**COLLECTED MATERIAL:**
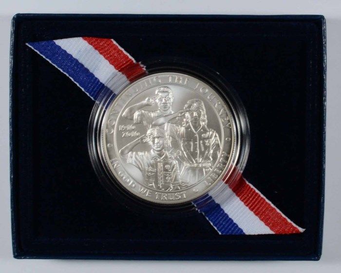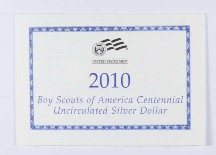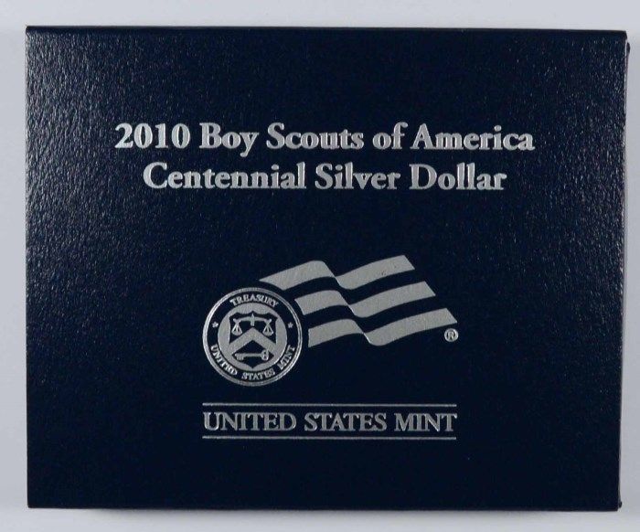 2010 BOY SCOUTS CENTENNIAL UNCIRCULATED COMMEMORATIVE SILVER DOLLAR, NICE OGP
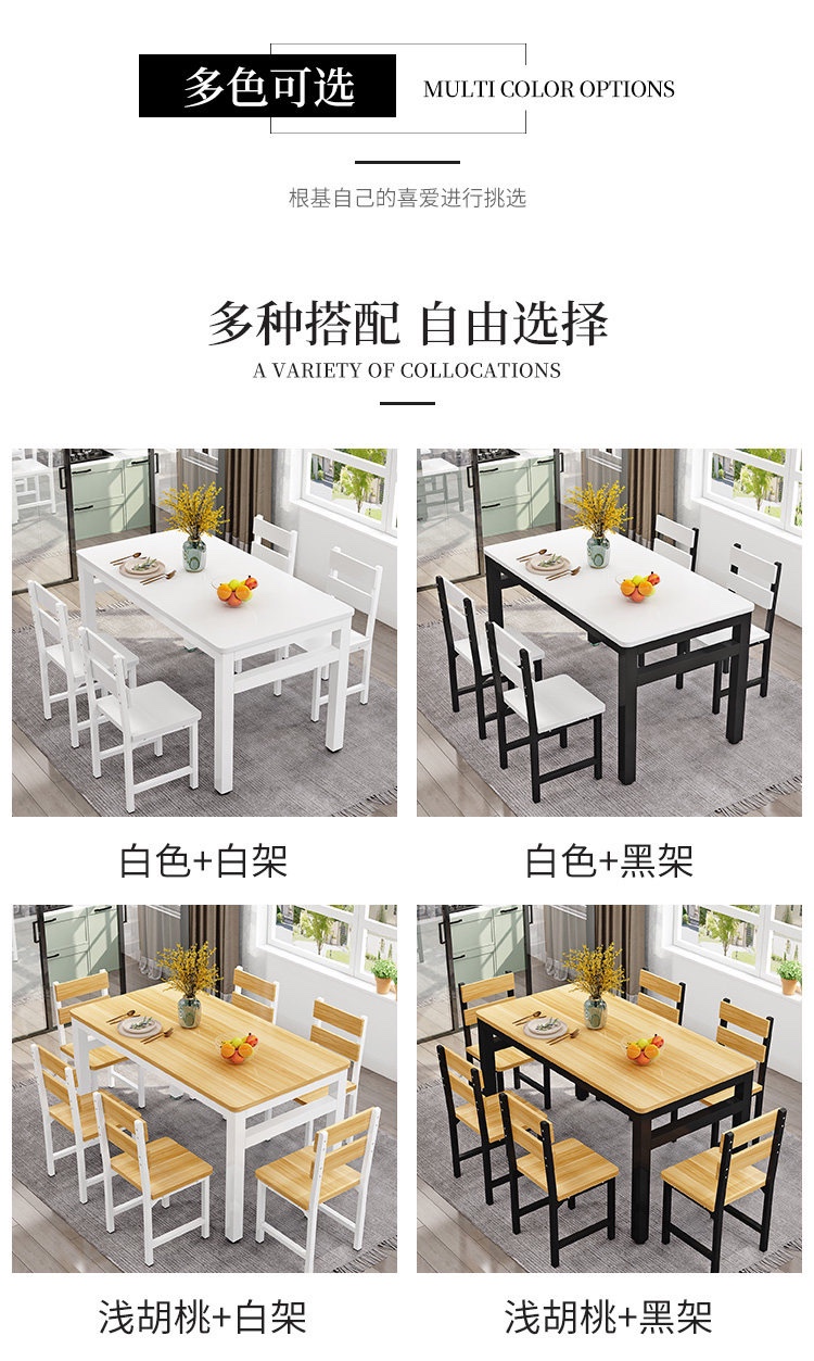 简约餐桌椅组合小户型现代长方形快餐饭店家用吃饭桌简易4人6桌椅
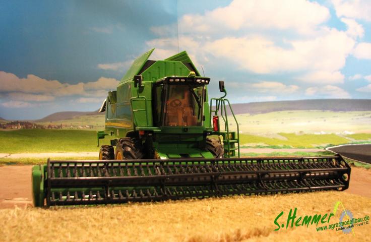 Dreschertechnisch habe ich einen 9880i umgebaut auf passende Spurweite (Eigenbau Pendelachse hinten) mit Biso Schneidwerkswagen
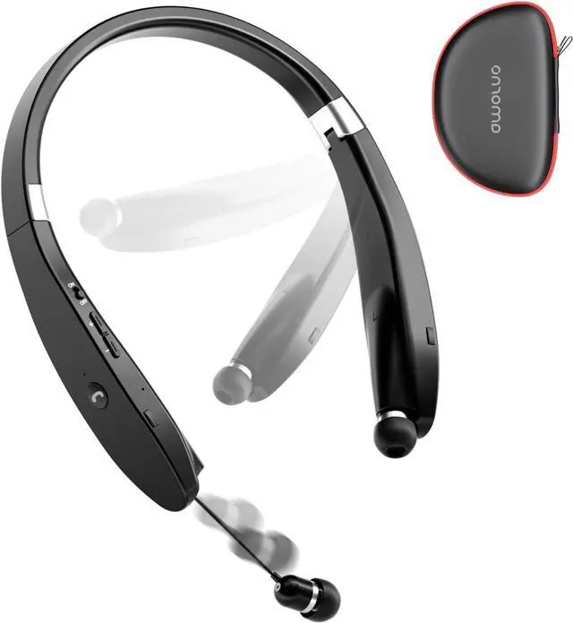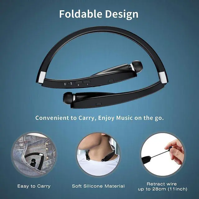 AMORNO Foldable Bluetooth Headphones Wireless Neckband Headset with Retractable Earbuds, Sports Sweatproof Noise Cancelling Stereo Earphones with Mic

**ABOUT THIS TASK:** Nothing but the lines from the top of the data above through the line containing "Dreschertechnisch habe ich" should be output, exactly as written and without the pictures.

**TASK ANSWER:**
 2010 BOY SCOUTS CENTENNIAL UNCIRCULATED COMMEMORATIVE SILVER DOLLAR, NICE OGP
 简约餐桌椅组合小户型现代长方形快餐饭店家用吃饭桌简易4人6桌椅
 Dreschertechnisch habe ich einen 9880i umgebaut auf passende Spurweite (Eigenbau Pendelachse hinten) mit Biso Schneidwerkswagen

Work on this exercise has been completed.